GIVEN ENTRIES.
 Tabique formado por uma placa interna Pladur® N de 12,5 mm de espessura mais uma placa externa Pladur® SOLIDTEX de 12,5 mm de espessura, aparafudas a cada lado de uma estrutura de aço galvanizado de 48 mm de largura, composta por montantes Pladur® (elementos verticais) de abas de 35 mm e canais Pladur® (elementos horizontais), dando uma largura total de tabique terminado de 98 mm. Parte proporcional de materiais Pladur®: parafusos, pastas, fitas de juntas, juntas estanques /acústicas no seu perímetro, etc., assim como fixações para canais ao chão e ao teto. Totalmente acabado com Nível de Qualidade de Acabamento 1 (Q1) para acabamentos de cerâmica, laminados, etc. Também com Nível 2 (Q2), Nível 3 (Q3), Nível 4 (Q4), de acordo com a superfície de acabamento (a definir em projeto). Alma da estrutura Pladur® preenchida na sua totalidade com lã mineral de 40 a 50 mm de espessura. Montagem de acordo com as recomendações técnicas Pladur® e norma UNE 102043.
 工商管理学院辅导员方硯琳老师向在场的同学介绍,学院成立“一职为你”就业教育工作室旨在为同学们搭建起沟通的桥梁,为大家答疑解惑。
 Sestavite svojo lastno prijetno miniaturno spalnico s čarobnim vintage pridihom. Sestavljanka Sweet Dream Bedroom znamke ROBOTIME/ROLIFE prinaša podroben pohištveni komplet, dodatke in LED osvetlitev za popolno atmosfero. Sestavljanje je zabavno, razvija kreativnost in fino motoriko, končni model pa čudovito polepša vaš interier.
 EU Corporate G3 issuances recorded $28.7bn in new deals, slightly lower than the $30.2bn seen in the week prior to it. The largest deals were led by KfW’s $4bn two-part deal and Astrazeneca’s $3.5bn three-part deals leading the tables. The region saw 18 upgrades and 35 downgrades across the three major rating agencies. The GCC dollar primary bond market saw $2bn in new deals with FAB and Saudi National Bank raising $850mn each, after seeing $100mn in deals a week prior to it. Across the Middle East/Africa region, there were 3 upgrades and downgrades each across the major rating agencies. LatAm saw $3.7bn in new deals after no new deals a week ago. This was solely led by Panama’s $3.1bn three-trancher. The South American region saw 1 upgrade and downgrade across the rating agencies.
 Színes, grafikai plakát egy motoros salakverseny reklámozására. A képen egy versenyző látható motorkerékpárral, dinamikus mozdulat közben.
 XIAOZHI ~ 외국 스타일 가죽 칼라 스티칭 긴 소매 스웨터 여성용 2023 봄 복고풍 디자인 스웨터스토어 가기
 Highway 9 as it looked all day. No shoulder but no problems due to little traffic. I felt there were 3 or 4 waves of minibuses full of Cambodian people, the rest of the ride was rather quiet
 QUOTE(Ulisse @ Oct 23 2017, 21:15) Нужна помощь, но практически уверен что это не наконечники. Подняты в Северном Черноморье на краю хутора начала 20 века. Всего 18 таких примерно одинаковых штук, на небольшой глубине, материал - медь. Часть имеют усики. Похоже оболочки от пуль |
* * *
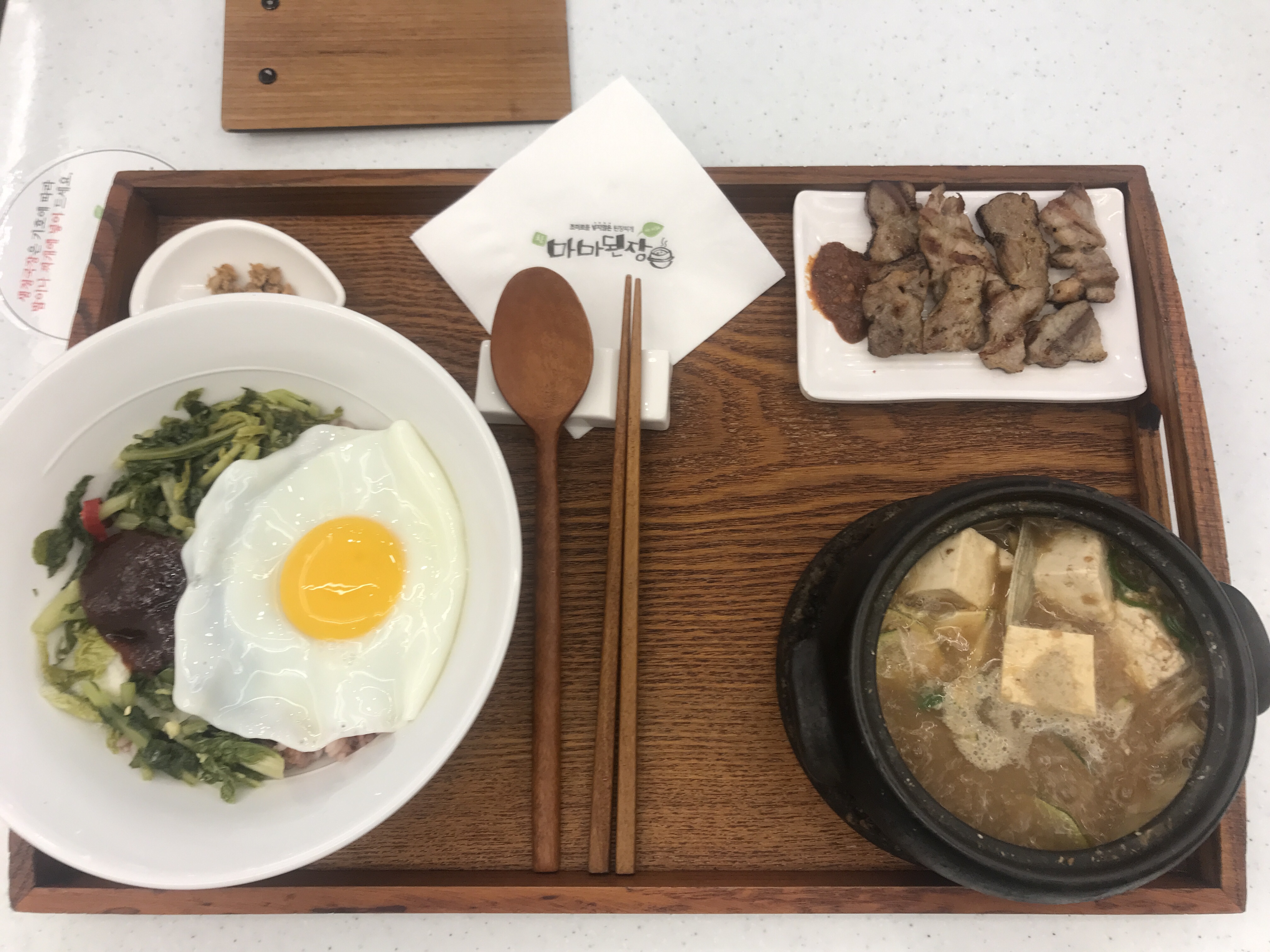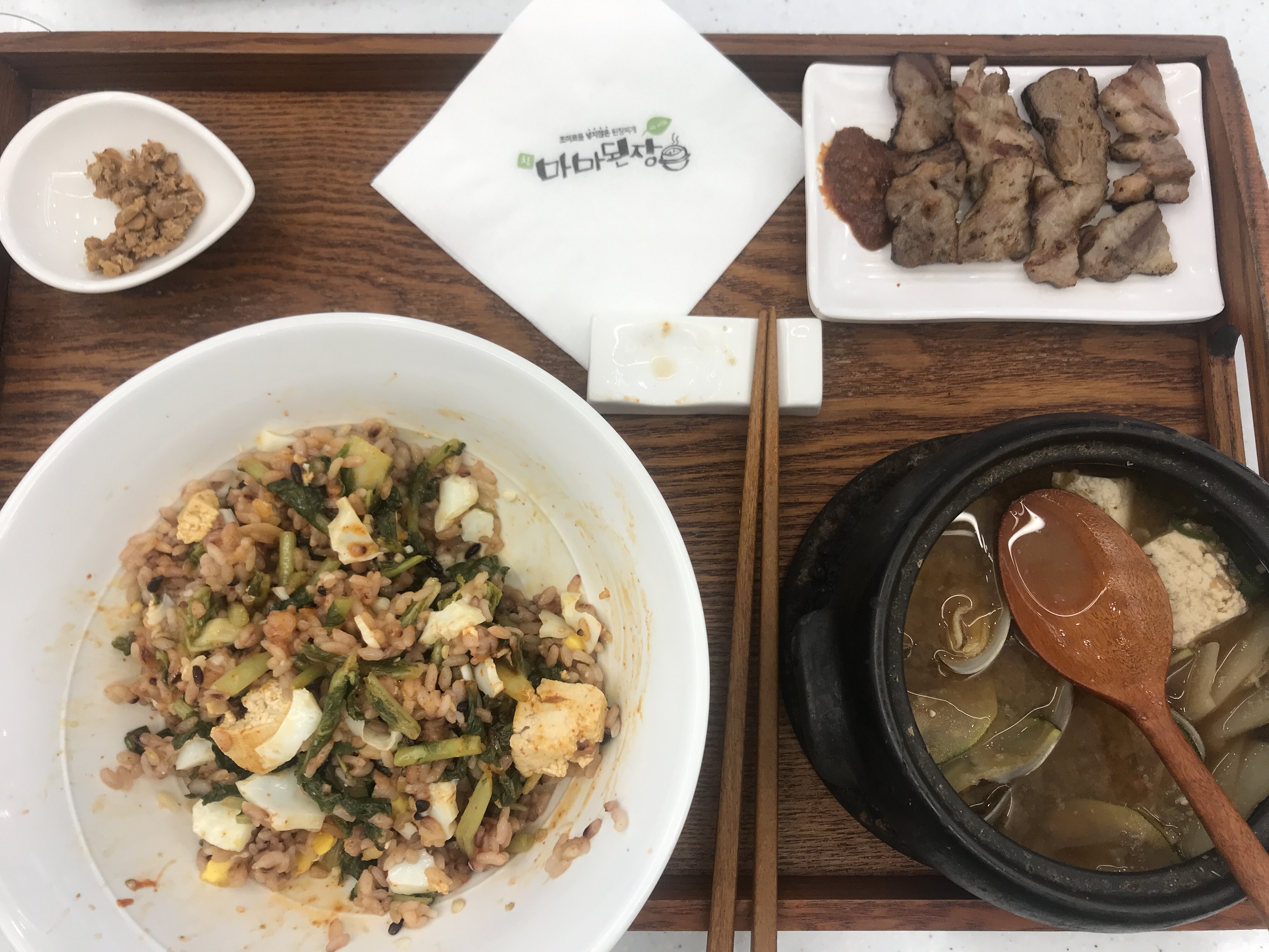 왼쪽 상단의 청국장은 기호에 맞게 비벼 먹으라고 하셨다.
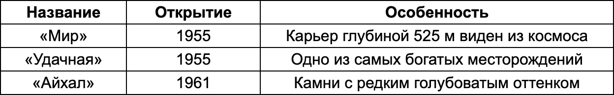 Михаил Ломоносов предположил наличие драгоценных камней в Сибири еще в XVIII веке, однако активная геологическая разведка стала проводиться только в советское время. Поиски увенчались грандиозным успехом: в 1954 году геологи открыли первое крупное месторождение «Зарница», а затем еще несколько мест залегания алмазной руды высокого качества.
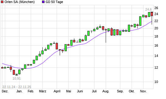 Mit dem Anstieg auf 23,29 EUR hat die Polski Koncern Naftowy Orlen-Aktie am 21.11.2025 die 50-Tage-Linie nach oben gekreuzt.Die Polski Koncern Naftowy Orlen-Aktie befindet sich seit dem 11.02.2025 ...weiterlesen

WORK TASK. Go back to the listing above. Copy word for word the lines from the one with "XIAOZHI ~ 외국" through the one with "QUOTE(Ulisse @ Oct", and nothing more.

WRITTEN RESPONSE.
 XIAOZHI ~ 외국 스타일 가죽 칼라 스티칭 긴 소매 스웨터 여성용 2023 봄 복고풍 디자인 스웨터스토어 가기
 Highway 9 as it looked all day. No shoulder but no problems due to little traffic. I felt there were 3 or 4 waves of minibuses full of Cambodian people, the rest of the ride was rather quiet
 QUOTE(Ulisse @ Oct 23 2017, 21:15) Нужна помощь, но практически уверен что это не наконечники. Подняты в Северном Черноморье на краю хутора начала 20 века. Всего 18 таких примерно одинаковых штук, на небольшой глубине, материал - медь. Часть имеют усики. Похоже оболочки от пуль |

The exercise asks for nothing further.